Czy tylko taki klimat kojarzy się z naszym miastem. Niekoniecznie. Specyficzny klimat tworzą bowiem mieszkający tu ludzie. I mimo zapewnień zamieszczanych w różnych folderach, że są to mieszkańcy przyjaźni i serdeczni, bywa, że w praktyce, niestety, jest inaczej. Przykłady? Bardzo proszę.
Nie tak dawno temu Ostródę odwiedził rektor uczelni, człowiek znany w krakowskiej bohemie, artysta, profesor Banaszkiewicz, wraz z dzieckiem. Pan profesor, jak wielu turystów, z plecakiem po wyjściu z pociągu udał się (o zgrozo!) do dworcowej toalety. Starsza pani obsługująca ten nieszczęsny przybytek niezbyt mile zażądała zapłaty. Podróżny wręczył banknot o niezbyt dużym nominale. W odpowiedzi usłyszał: - "Jak mam to wydać! Co to ma być! Nie mam drobnych?! Proszę płacić, bo policję wezwę!" Kulturalny pan zaczął tłumaczyć, że to też są pieniądze. Skończyło się na wyzwiskach i rzucaniem bilonem w turystę.
W sierpniu tego roku w Polskę poszła wieść, że w Ostródzie jacyś barbarzyńcy wybrali specyficzną formę spędzania wolnego czasu. Efekt - porozbijane groby na cmentarzu komunalnym, połamane krzyże oraz zbezczeszczone zwłoki. Zwyrodnienie na wysokim poziomie.
Popularny w Ostródzie bulwar, miejsce spotkań mieszkańców miasta oraz turystów, jest także teatrem działań bitewnych młodzieży z ostródzką policją i strażą miejską. Zakatowany na śmierć pies policyjny oraz kilku potłuczonych funkcjonariuszy pozostaną w pamięci świadków tego zdarzenia na długo.

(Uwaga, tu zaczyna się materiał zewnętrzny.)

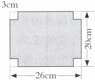 原始硬纸板是一个长方形,长为$26 \text{cm}$,宽为$20 \text{cm}$。
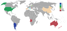 | Rank | World | Africa | Americas | Asia | Europe | Oceania |

Do ostródzkich klimatów niewątpliwe trzeba zaliczyć dużą liczbę osób, które, aby przeżyć następny dzień, zbierają po śmietnikach butelki lub puszki po piwie, które oddane w skupie dadzą parę złotych na jedzenie. Zjawisko szczególne widoczne w czasie sezonu letniego, gdy do grodu nad Drwęcą przyjeżdżają letnicy. Widok dzieci nad jeziorem, wyrzucających z koszy na śmieci puszki, a następnie skaczących po nich by je zgnieść, to jeden z naszych klimatów. Turyści z Niemiec mają wtedy swoje "pięć minut" na robienie zdjęć z Polski, pamiątki z Ostródy.
Ale mamy jeszcze czyste powietrze, lasy i jeziora.